Стоящая перед ним донья Франциска выглядела еще аристократичнее, чем всегда. Тонкое породистое лицо с сияющими глазами фанатички не выражало ни малейшего страха, только отвращение, когда он подошел ближе. Она снова начала говорить, выплевывала слова, будто они пропитаны кислотой. Дженнифер чуть не падала в окно, пытаясь хоть что-то услышать, но ветер уносил слова почти полностью.
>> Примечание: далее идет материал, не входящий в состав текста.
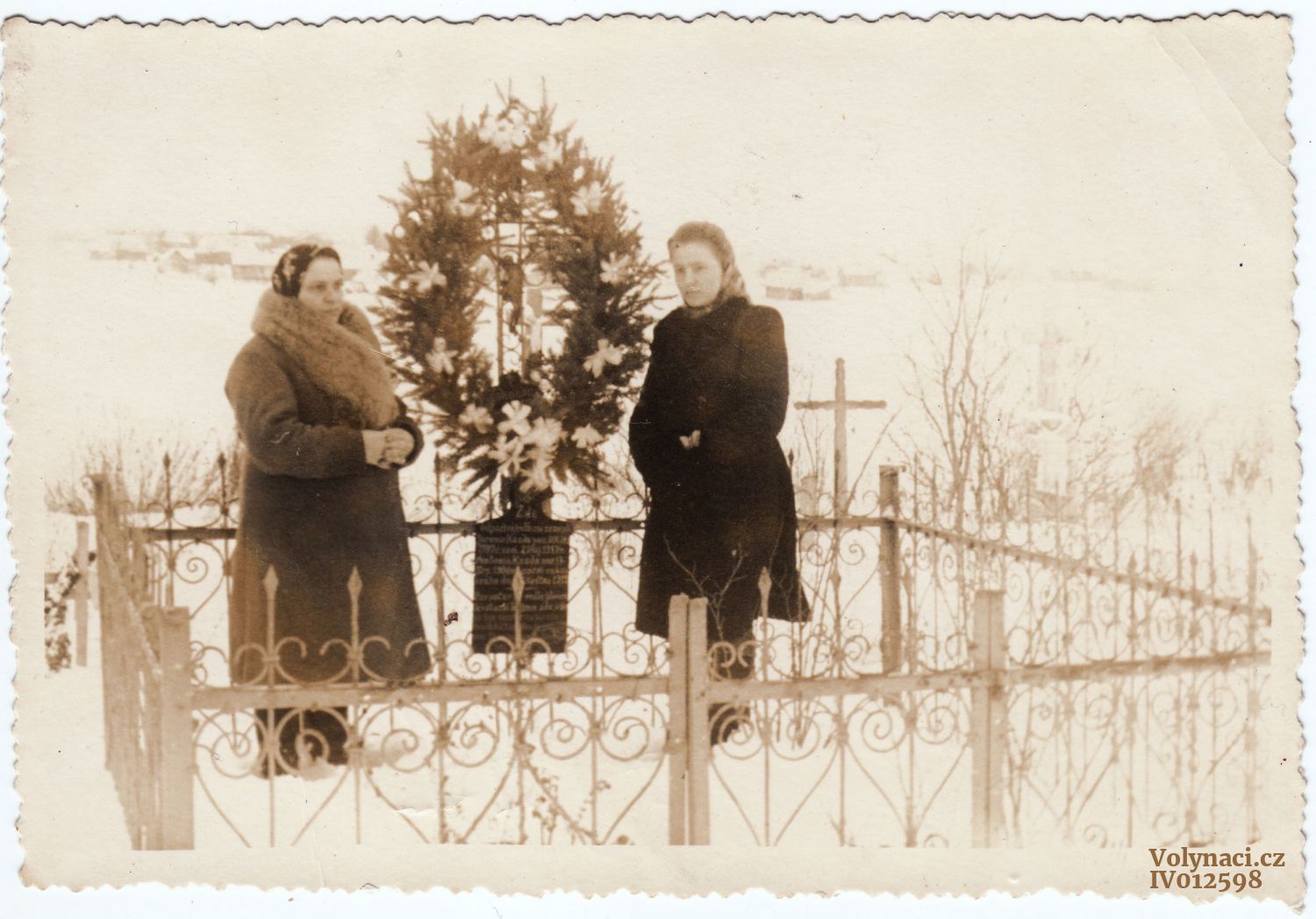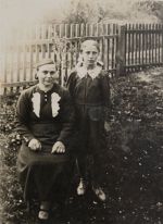 Emílie s dcerou se před odjezdem do Čech loučí na hřbitově v Dorohostajích s rodiči Janem a Pavlou Kazdovými a bratry Jaromírem (11) a Toníkem (21).
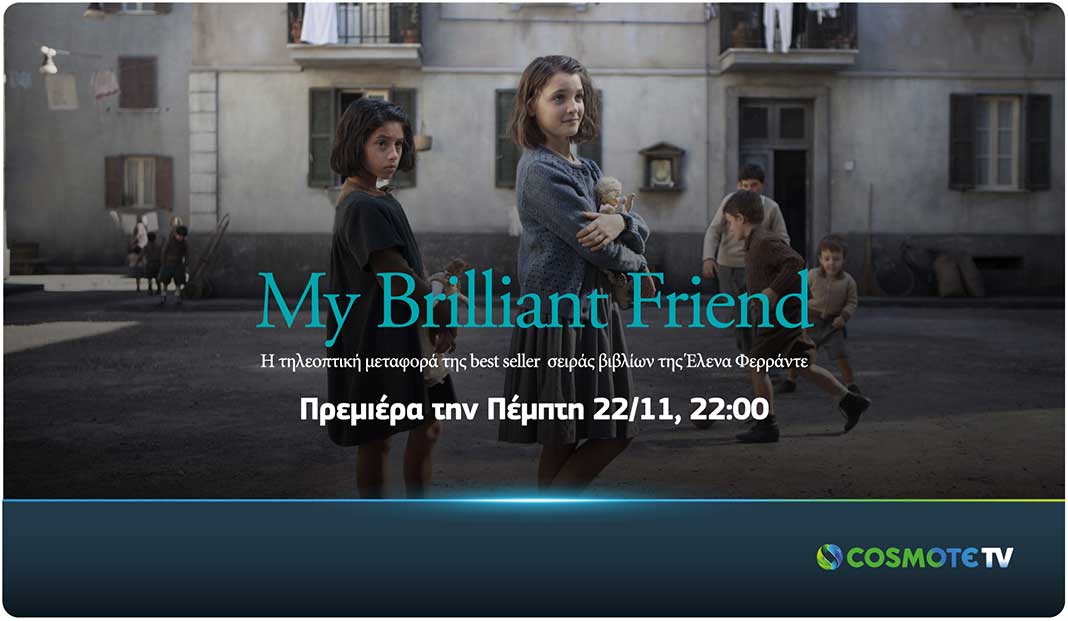 Η τηλεοπτική μεταφορά του εκδοτικού φαινομένου & best selling «τετραλογίας της Νάπολης» που αγαπήθηκε ιδιαίτερα και στην Ελλάδα, της Ιταλίδας συγγραφέα Έλενα Φερράντε, My Brilliant Friend, κάνει πρεμιέρα αποκλειστικά στην COSMOTE TV την Πέμπτη 22/11, στις 22.00 (COSMOTE CINEMA 4HD). Η Ιταλική σειρά, που πρωτοπαρουσιάστηκε στο φετινό φεστιβάλ Βενετίας, θα προβάλλεται κάθε Πέμπτη βράδυ στις 22.00 και αμέσως μετά θα είναι διαθέσιμη on demand στην υπηρεσία COSMOTE TV PLUS.
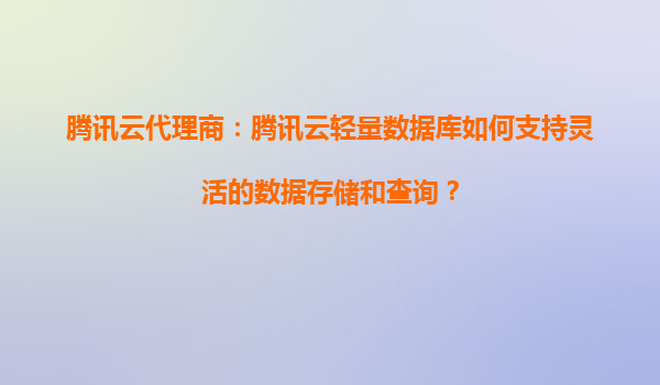 2025-08-22腾讯云代理商:腾讯云轻量数据库如何支持灵活的数据存储和查询? 一、轻量数据库的定位与核心优势 腾讯云轻量数据库(TencentDBLight)是面向中小企业和开发者...
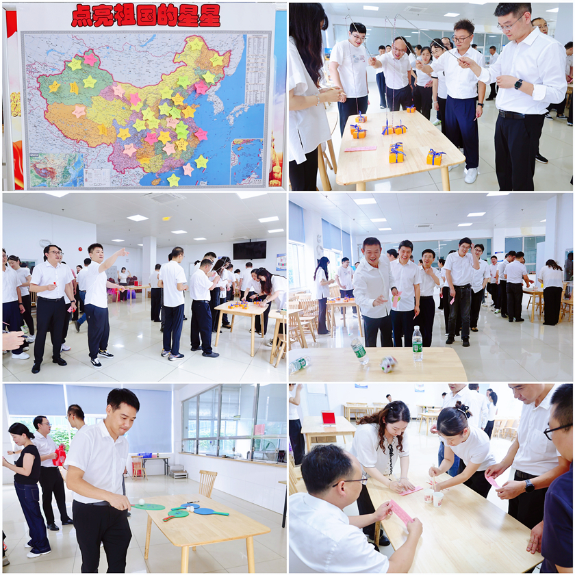 本次活动创新采用闯关模式,精心设计了六个富有双节特色的趣味项目。在“点亮祖国的星星”开场环节,员工们在星星形状的贴纸上写下对祖国的美好祝愿,汇聚成一片璀璨的祝福墙,展现了员工们的家国情怀。“带着月亮去旅行”环节,参与者们手持乒乓球拍,小心翼翼地托举着象征圆月的乒乓球前行,现场气氛紧张而有趣。“射月亮”飞镖项目考验的是参与者的精准度,每一次命中都引来阵阵掌声;“钓月饼”环节妙趣横生,参与者们手持钓竿,专注地钓起象征团圆的月饼;“海底捞月”需要用筷子从水中夹起光滑的彩珠,既考验手眼协调,又充满挑战乐趣;最后一关“愤怒的玉兔”将现场气氛推向最高潮,大家化身“神投手”,沙包划出优美弧线直击目标。“砰!”随着矿泉水瓶应声倒下,阵阵喝彩与欢呼瞬间引爆全场,将运动会变成了欢乐的海洋。

«…Нужно сделать только одно, и ты это знаешь! Кто может сказать, сколько эта английская девица решит тут торчать и шпионить? Она пойдет в эту сторону — са se voit — и обязательно увидит свою кузину!» Дженнифер закрыла глаза и прислонилась к стене, ночь кружилась вокруг нее с ревом, который никак нельзя было объяснить ветром. Рев затихал вместе с биениями ее сердца и перешел в рокот, а резкий голос продолжал говорить: «Что ты натворил — ошибка с самого начала, но теперь это самоубийство! Comprenez, imbecile, le suicide!»
Мужчина что-то ответил, но так тихо, что Дженнифер ничего не поняла. Донью Франциску его слова не остановили, она бросала ему в лицо осуждения, теперь уже перемешанные с угрозами. Дженнифер опять напрягла слух и поймала поток французского: «Vous feriez bien de vous rappeler… He забывай, Пьер Буссак, что находится в моих руках! Ты уже должен бы понять, что не можешь играть в такие игры сам по себе! Нужно сделать единственную простую вещь, и ты это знаешь — ты обязан от нее избавиться!»
При этих словах мужчина рванулся вперед, будто собрался ударить яростную испанку, но не сошел с места. Замер у стола, опустил на него тяжелые кулаки и проревел что-то.
Она ответила, холодно на него глядя: «Но ты знаешь, что я права, нет? Это всегда так. Если бы ты думал мозгами, а не телом, ты бы знал, что единственный безопасный путь — избавиться от этой женщины, мадам Ламартин… — Четкий твердый голос делал слова еще пронзительнее. — Мадам Ламартин умерла от лихорадки и лежит на кладбище монастыря. Она должна оставаться там… Один вопрос, одно сомнение, одна лопата в могилу, и вопли и крики заполнят эту долину, и тебе придет конец, дружочек!»
«И тебе!» — сказал он темпераментно.
Она засмеялась. «Нет, я так не думаю. Я совершено невинна. Все, что я потеряю, это часть дохода».
Он поднял голову. «Все? Все? — Коротко и грубо засмеялся. — Все, что ты собираешься потерять, моя прекрасная леди, это мечта, ради которой ты живешь, мечта о власти и славе, которые принесут тебе деньги! Чего бы ради тебе торчать в этой Богом забытой долине, если бы ты так не боялась потерять эту «часть дохода»? Думаешь, не знаю, какие планы ты строишь в этой своей церкви, сеньора Франциска? Ждешь и молишься, чтобы старая настоятельница умерла… Ждешь и надеешься, что не останется никого, кто знает тебя так хорошо, как она, и ты попадешь туда, куда хочешь попасть? Это так, да? Мадам настоятельница Богоматери Ураганов. Больше не маленький приют, о нет! Огромный монастырь, с новыми зданиями и прекрасной известной церковью, куда собираются люди со всего мира! — Его голос постепенно переходил в визг. — Нет, ты никогда не захочешь бросить эту трубу, по которой из Испании перекачиваются золото в твои карманы и власть в твои руки, ты умрешь, если останешься без нее!»
Она слушала совершенно неподвижно, но тяжелые веки опустились на глаза. Он опять засмеялся: «Видишь, я тебя понимаю! Власть, дона Франциска… Вот, что значат для тебя деньги… Он перешел на шепот, ясно слышный за окном. — А то, что тебе так нужно, насквозь пропитано кровью!»
От этих слов она дернулась, но немедленно успокоилась. Ее лицо опять превратилось в деревянную маску, которой Дженнифер так не доверяла. Веки поднялись. «Завтра ночью. Ты избавишься от нее завтра ночью». На маске светились черные глаза.